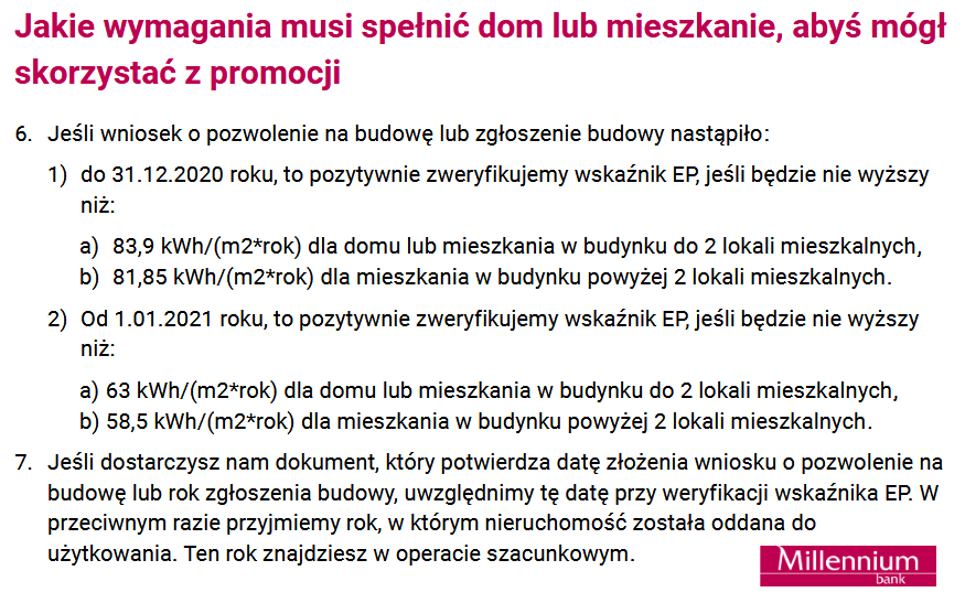Zanim przejdę do przedstawienia ubezpieczenia związanego z obniżką marży w Millennium, jeszcze ostatnia promocja. Tym razem związana nie związana z produktami dodatkowymi a z energooszczędnością naszej nieruchomości, czyli promocja eko. To, czy nasze mieszkanie czy dom się załapią rozstrzyga zgodność wskaźnika EP z określonymi normami.
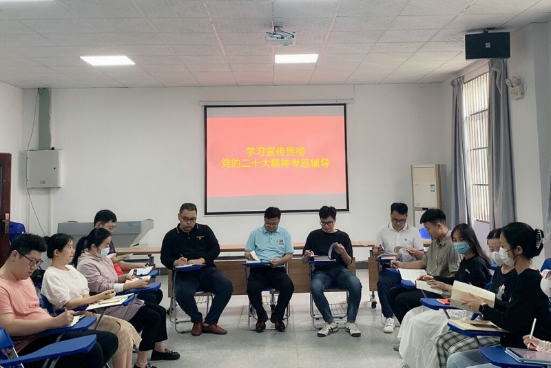 11月10日下午,英国上市公司365纪委书记何斌在空港校区上善楼校园招聘室参加所在机关党总支第五党支部党员大会,为支部党员们和经济与管理系学生第六党支部全体党员作学习宣传贯彻党的二十大精神学习专题辅导。
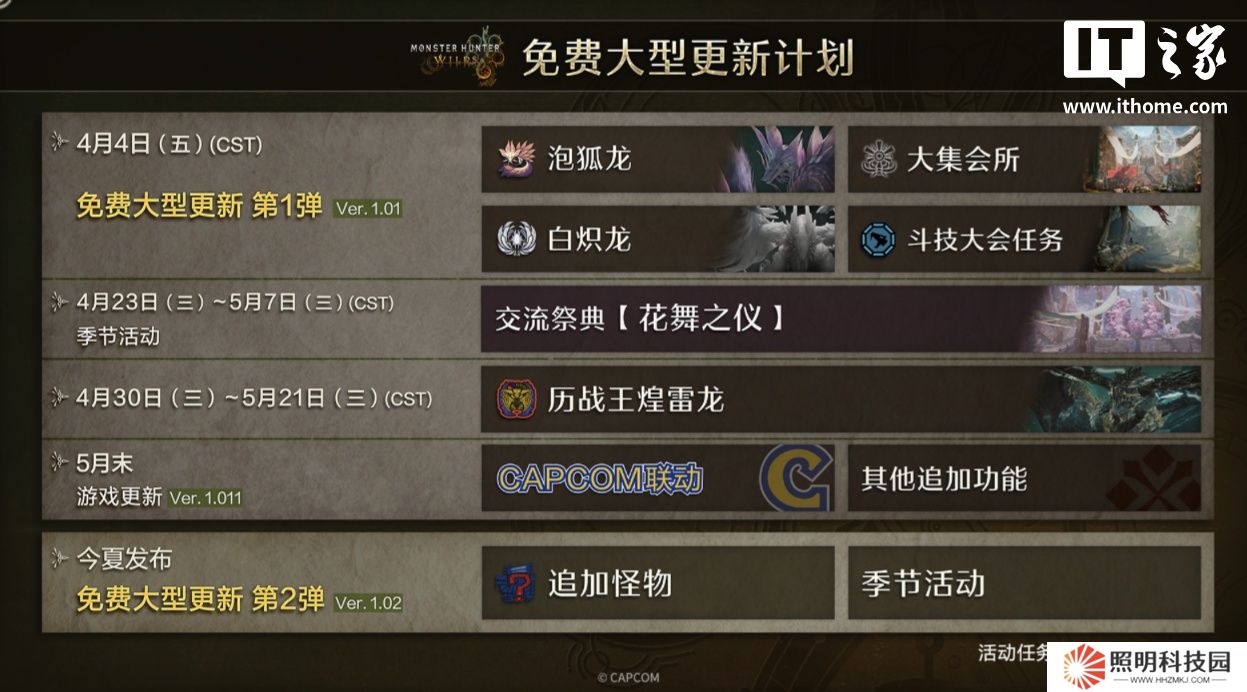 本站 4 月 3 日消息,《怪物獵人:荒野》第一彈免費大型更新(1.010.00.00)將于明日 11:00 正式上線,卡普空剛剛在官網(wǎng)發(fā)布了此次更新說明。本站翻譯如下:
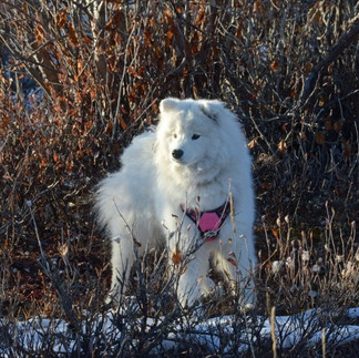 Most of the day we were socked in by low clouds but when we pulled into Galbraith the sun was shining. Took the pups for a couple of walks around the campground, there are Caribou hunters all over the place so the Sammies mostly stayed on their leads. We did let them off a few times when we were sure we could and they had a ball running around in the cold and little snow around the campground. Granger is just full of himself acting like he owns the place and strutting around. Moxee is as usual this trip loving all the new things she is seeing, smelling and hearing.

=== What you are asked to do ===
Begin at the first line of the material and copy each line exactly through the one containing "本站 4 月 3 日消息,《怪物獵人:荒野》第一彈免費大型更新(1.010.00.00)將于明日". Omit pictures.

=== Exercise solution ===
Zanim przejdę do przedstawienia ubezpieczenia związanego z obniżką marży w Millennium, jeszcze ostatnia promocja. Tym razem związana nie związana z produktami dodatkowymi a z energooszczędnością naszej nieruchomości, czyli promocja eko. To, czy nasze mieszkanie czy dom się załapią rozstrzyga zgodność wskaźnika EP z określonymi normami.
 11月10日下午,英国上市公司365纪委书记何斌在空港校区上善楼校园招聘室参加所在机关党总支第五党支部党员大会,为支部党员们和经济与管理系学生第六党支部全体党员作学习宣传贯彻党的二十大精神学习专题辅导。
 本站 4 月 3 日消息,《怪物獵人:荒野》第一彈免費大型更新(1.010.00.00)將于明日 11:00 正式上線,卡普空剛剛在官網(wǎng)發(fā)布了此次更新說明。本站翻譯如下:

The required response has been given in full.